# LONDON: 1 Day/Night



## Jones (Mar 12, 2008)

Hello, 
I will be passing through London for one day and night this coming Thursday. In brief, I am a New Yorker, 30 yrs old, and fancy myself to be fairly knowledgeable on food and drink (and of course, sartorialism). The closest thing NY has to a true "gastro pub" is April Bloomfield's Spotted Pig. It is cozy, past the point of trendy, yet still extremely well-healed, I can eat and drink, and always end up staying longer than anticipated. I have no interest in haute cuisine, and am looking for equal parts culinary bliss and what I described above. I will be dining alone. Any recommendations are appreciated.
~ jones
ps: a recommendation or two for well-respected cocktails would also be appreciated.
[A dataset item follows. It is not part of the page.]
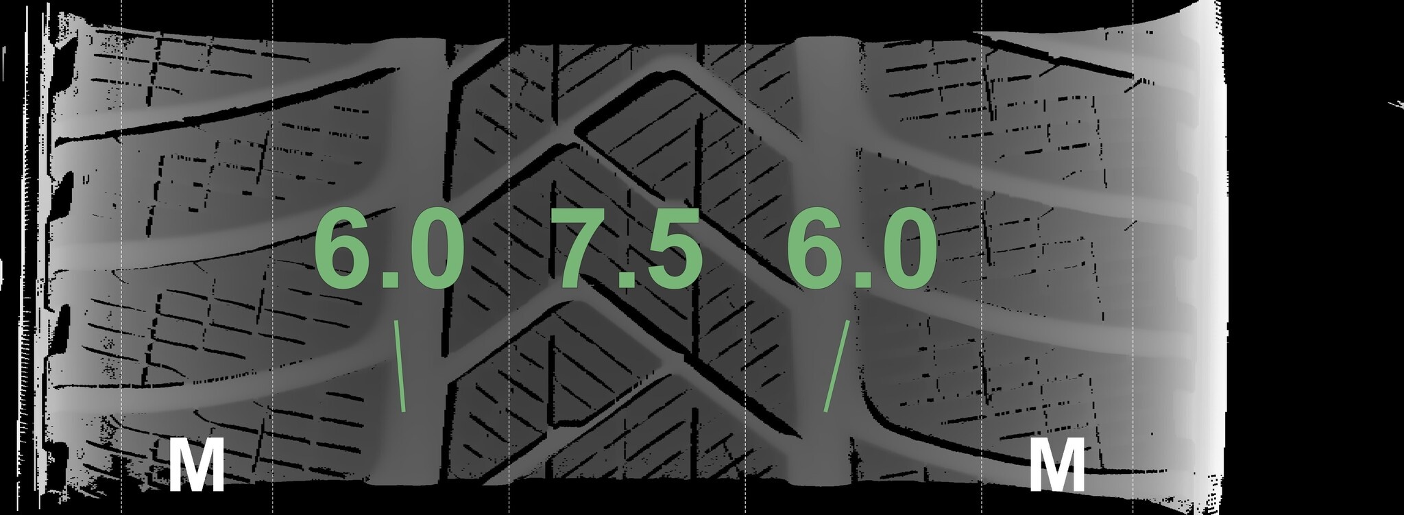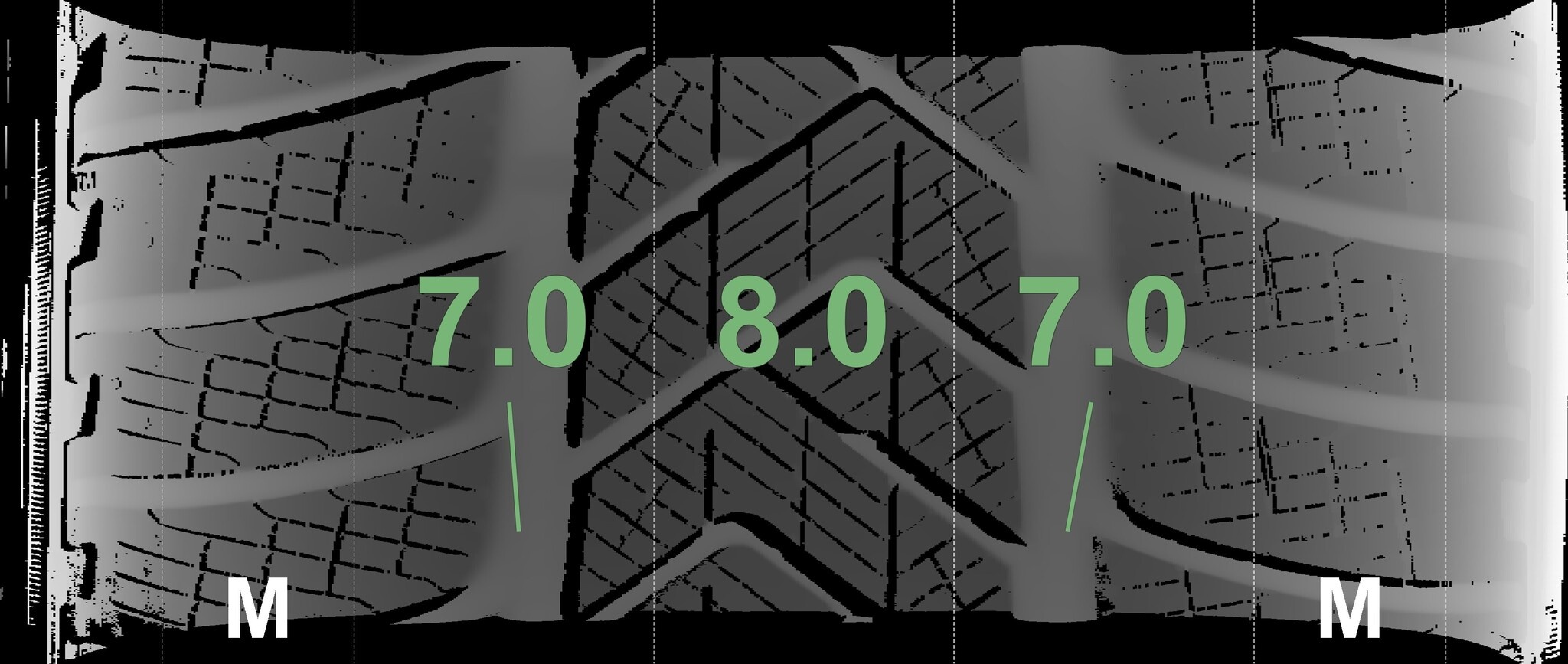 De gemeten profieldieptes en de details van de velgen zijn hierboven weergegeven.

If I hear the bar at the Claridge's Hotel one more time . . .


----------



## going grey (May 22, 2006)

Try,,,The Admiral Codrington in Chelsea...very central

or The Eagle 159 Farringdon Rd..bit further out but still within the bounds of civilization

Why don't you go to the Wolsley on Piccadilly definitely not a pub .. glitzy and exciting but Pub food basically

( go to the Dorchester for cocktails but avoid the Savoy)


----------